◆ TASK INPUTS
:::::
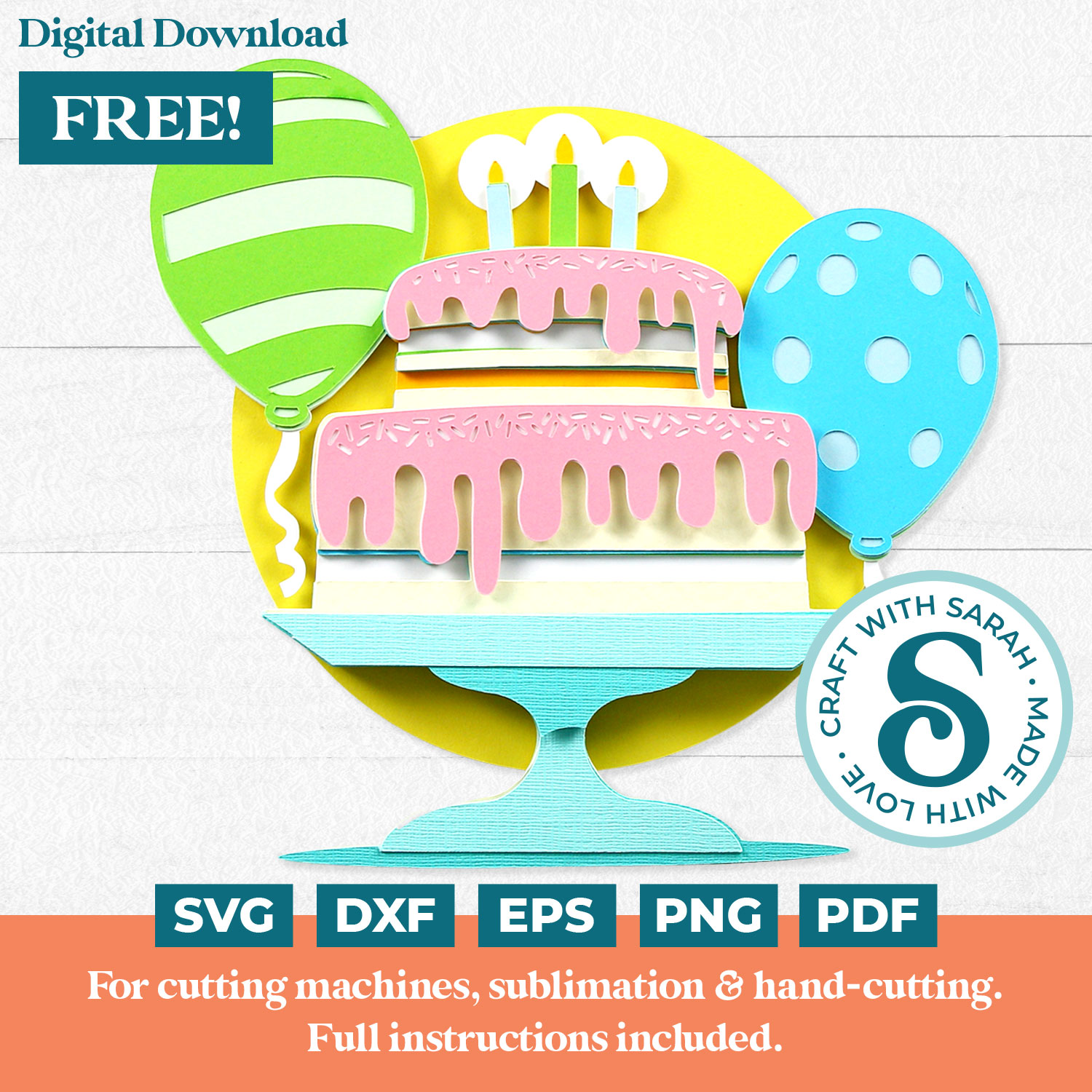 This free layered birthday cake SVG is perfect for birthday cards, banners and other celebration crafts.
:::::
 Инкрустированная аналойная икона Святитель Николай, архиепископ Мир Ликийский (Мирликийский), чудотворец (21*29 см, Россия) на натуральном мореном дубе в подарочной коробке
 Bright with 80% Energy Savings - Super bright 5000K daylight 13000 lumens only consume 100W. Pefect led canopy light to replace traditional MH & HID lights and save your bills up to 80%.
:::::
◆ REQUIRED WORK
Everything from the line with "Инкрустированная аналойная икона" through the line with "Bright with 80%" in the listing above must be retyped exactly, with nothing added.

◆ RESPONSE TO THE TASK
 Инкрустированная аналойная икона Святитель Николай, архиепископ Мир Ликийский (Мирликийский), чудотворец (21*29 см, Россия) на натуральном мореном дубе в подарочной коробке
 Bright with 80% Energy Savings - Super bright 5000K daylight 13000 lumens only consume 100W. Pefect led canopy light to replace traditional MH & HID lights and save your bills up to 80%.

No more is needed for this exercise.